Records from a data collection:
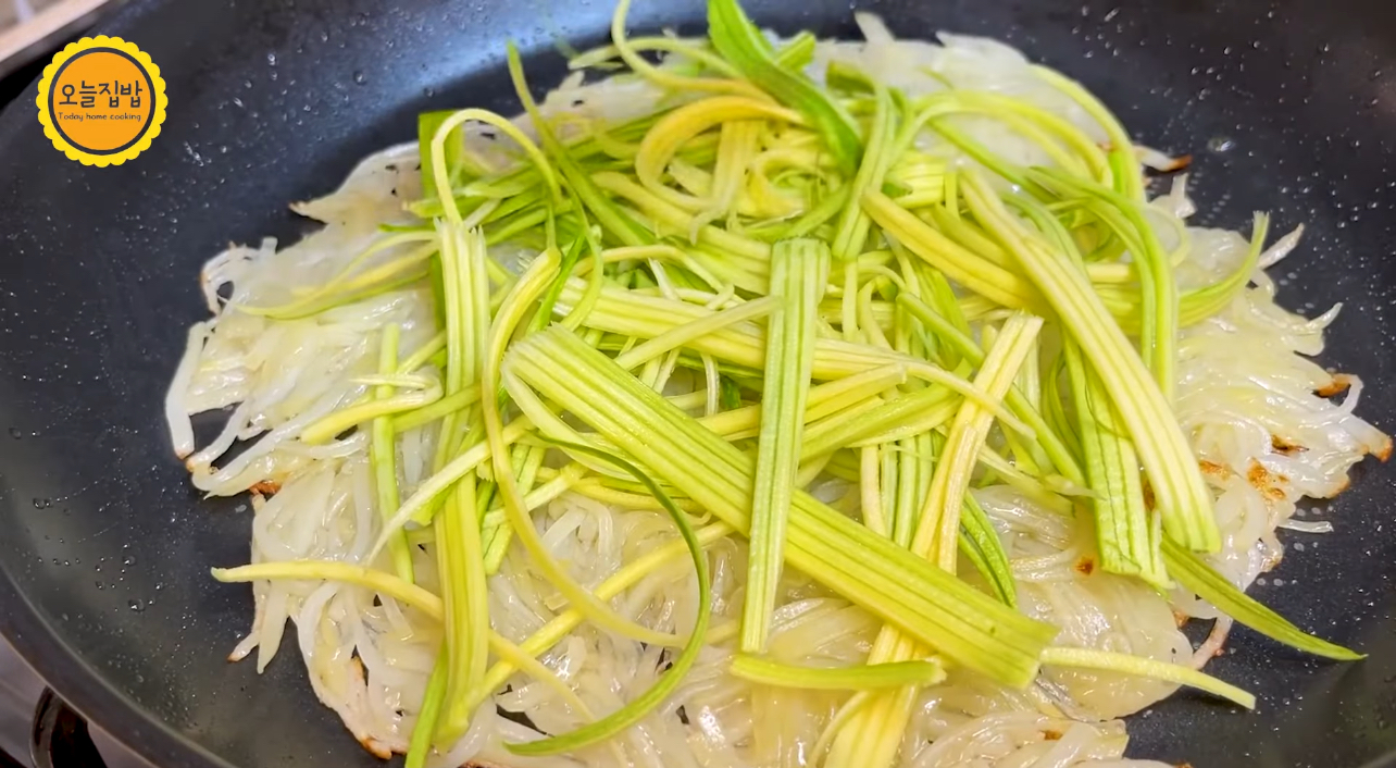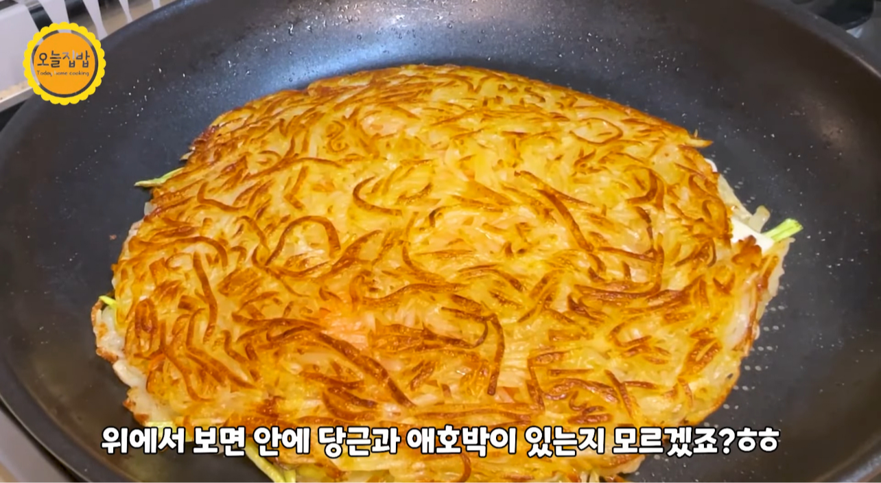 한 면이 익으면 뒤집어 그 위에 채썰어 준비한 애호박채를 올려줍니다.
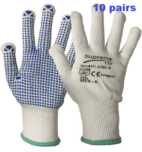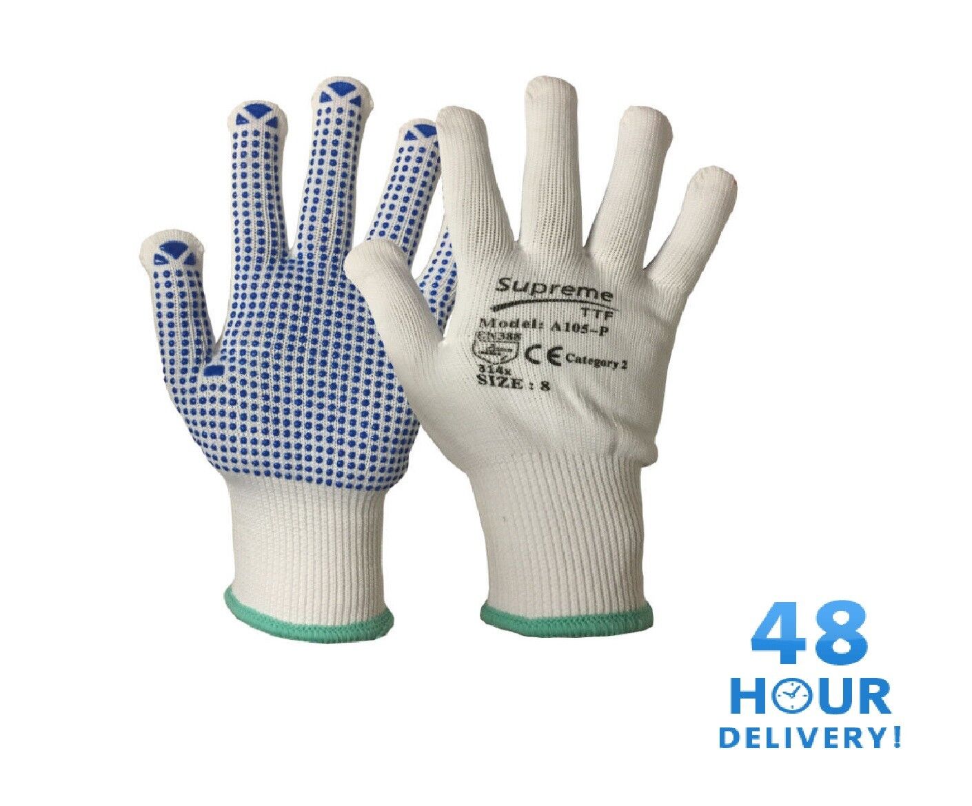 A useful and versatile general purpose dotted Nylon glove with a knitted wrist for added user comfort. Close fitting design offers high levels of dexterity for precise and delicate tasks. PVC dotting on the front of the gloves provides improved dry grip and abrasion resistance. Durable construction and design gives gloves a long lifetime for increased economy
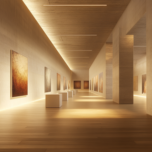 cinematographic image of a modern art gallery, at a different angle, with lights, paintings of different sizes, with divisions between the paintings--ar 16:9
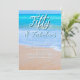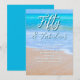 Meilenstein Geburtstagsparty für einen Erwachsenen. Die Einladungsvorlage enthält einen schönen Hintergrund der Strandszene. Ihr Alter ist oben geschrieben in weißer Schrift über tropisch blaues Meerwasser. Der Absatz der Party-Informationen besteht aus mehr weißem Text. Das Meer und der Strand mit Sand sind ideal für jeden Sommergeburtstag oder Party für einen Strandliebhaber. Eine galoppierte Kante mit Leinenpapier ist eine von vielen Möglichkeiten, die den Preis beeinflussen wird.
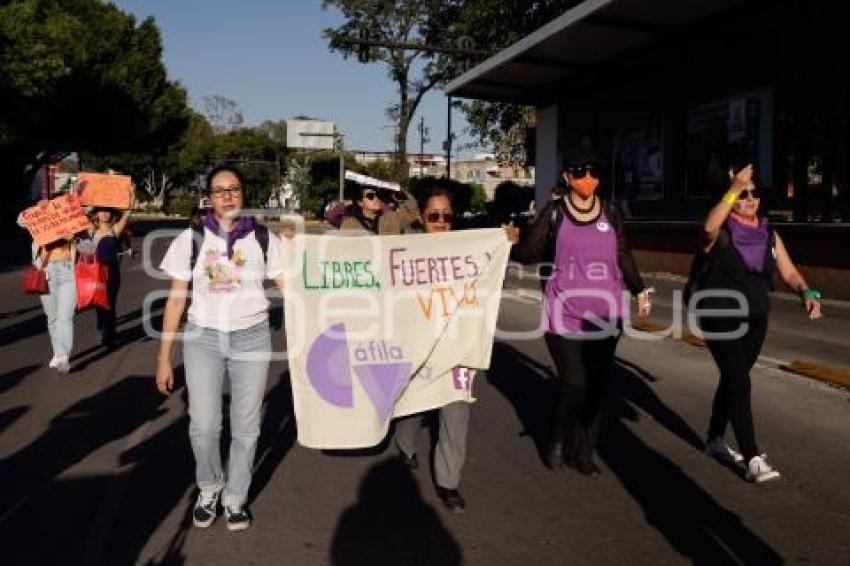 PUEBLA, Pue. 25 Noviembre 2024.- Integrantes de colectivos feministas realizan una marcha para conmemorar el Día Internacional de la Eliminación de la Violencia contra la Mujer, con un recorrido desde el Zócalo de Puebla rumbo a la Fiscalía. //Karen Rojas/Agencia Enfoque//
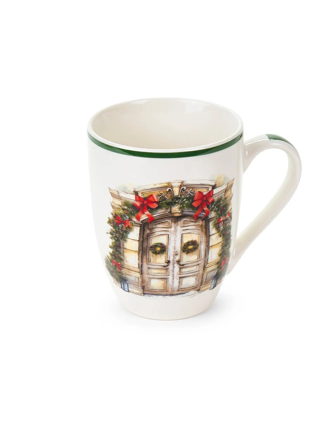 Le decorazioni natalizie colorate e raffinate rendono questa tazza
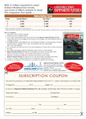 Please write your name & address on the reverse of the cheques / DD. Kindly add `50 extra for MARCH 2022 Vol.9 No.2 `100 Winner of 9 th &11 th CIDC VISHWAKARMA AWARD 2017 & 2019 for BEST ONLINE MAGAZINE 19-21 Sep | Mumbai
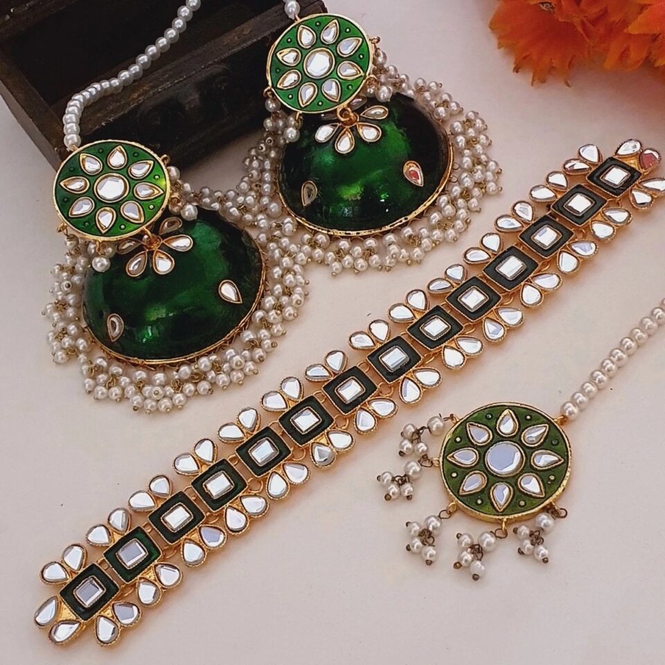 Discover the enchanting allure of our traditional handmade kundan Party Wear Set, artfully crafted to elevate your elegance. This stunning ensemble features intricate kundan detailing and a matching bindi, making it the perfect choice for special occasions. Embrace the timeless beauty and cultural richness of this exquisite jewelry set, designed to make you shine with grace and sophistication.
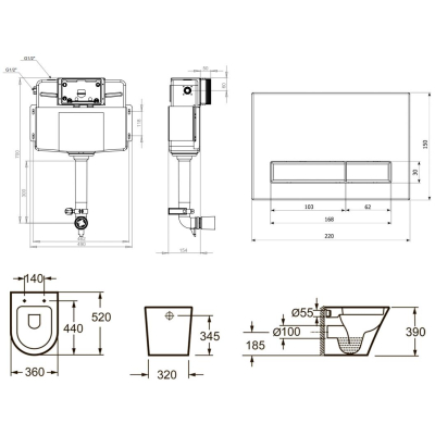 В комплекте: унитаз приставной Biore с крышкой 33040040, бачок скрытого монтажа Relfix 38020010, кнопка Relfix 3805001W.

Exercise description:
Reproduce the data above exactly, leaving out any picture in it.

Written answer:
 한 면이 익으면 뒤집어 그 위에 채썰어 준비한 애호박채를 올려줍니다.
 A useful and versatile general purpose dotted Nylon glove with a knitted wrist for added user comfort. Close fitting design offers high levels of dexterity for precise and delicate tasks. PVC dotting on the front of the gloves provides improved dry grip and abrasion resistance. Durable construction and design gives gloves a long lifetime for increased economy
 cinematographic image of a modern art gallery, at a different angle, with lights, paintings of different sizes, with divisions between the paintings--ar 16:9
 Meilenstein Geburtstagsparty für einen Erwachsenen. Die Einladungsvorlage enthält einen schönen Hintergrund der Strandszene. Ihr Alter ist oben geschrieben in weißer Schrift über tropisch blaues Meerwasser. Der Absatz der Party-Informationen besteht aus mehr weißem Text. Das Meer und der Strand mit Sand sind ideal für jeden Sommergeburtstag oder Party für einen Strandliebhaber. Eine galoppierte Kante mit Leinenpapier ist eine von vielen Möglichkeiten, die den Preis beeinflussen wird.
 PUEBLA, Pue. 25 Noviembre 2024.- Integrantes de colectivos feministas realizan una marcha para conmemorar el Día Internacional de la Eliminación de la Violencia contra la Mujer, con un recorrido desde el Zócalo de Puebla rumbo a la Fiscalía. //Karen Rojas/Agencia Enfoque//
 Le decorazioni natalizie colorate e raffinate rendono questa tazza
 Please write your name & address on the reverse of the cheques / DD. Kindly add `50 extra for MARCH 2022 Vol.9 No.2 `100 Winner of 9 th &11 th CIDC VISHWAKARMA AWARD 2017 & 2019 for BEST ONLINE MAGAZINE 19-21 Sep | Mumbai
 Discover the enchanting allure of our traditional handmade kundan Party Wear Set, artfully crafted to elevate your elegance. This stunning ensemble features intricate kundan detailing and a matching bindi, making it the perfect choice for special occasions. Embrace the timeless beauty and cultural richness of this exquisite jewelry set, designed to make you shine with grace and sophistication.
 В комплекте: унитаз приставной Biore с крышкой 33040040, бачок скрытого монтажа Relfix 38020010, кнопка Relfix 3805001W.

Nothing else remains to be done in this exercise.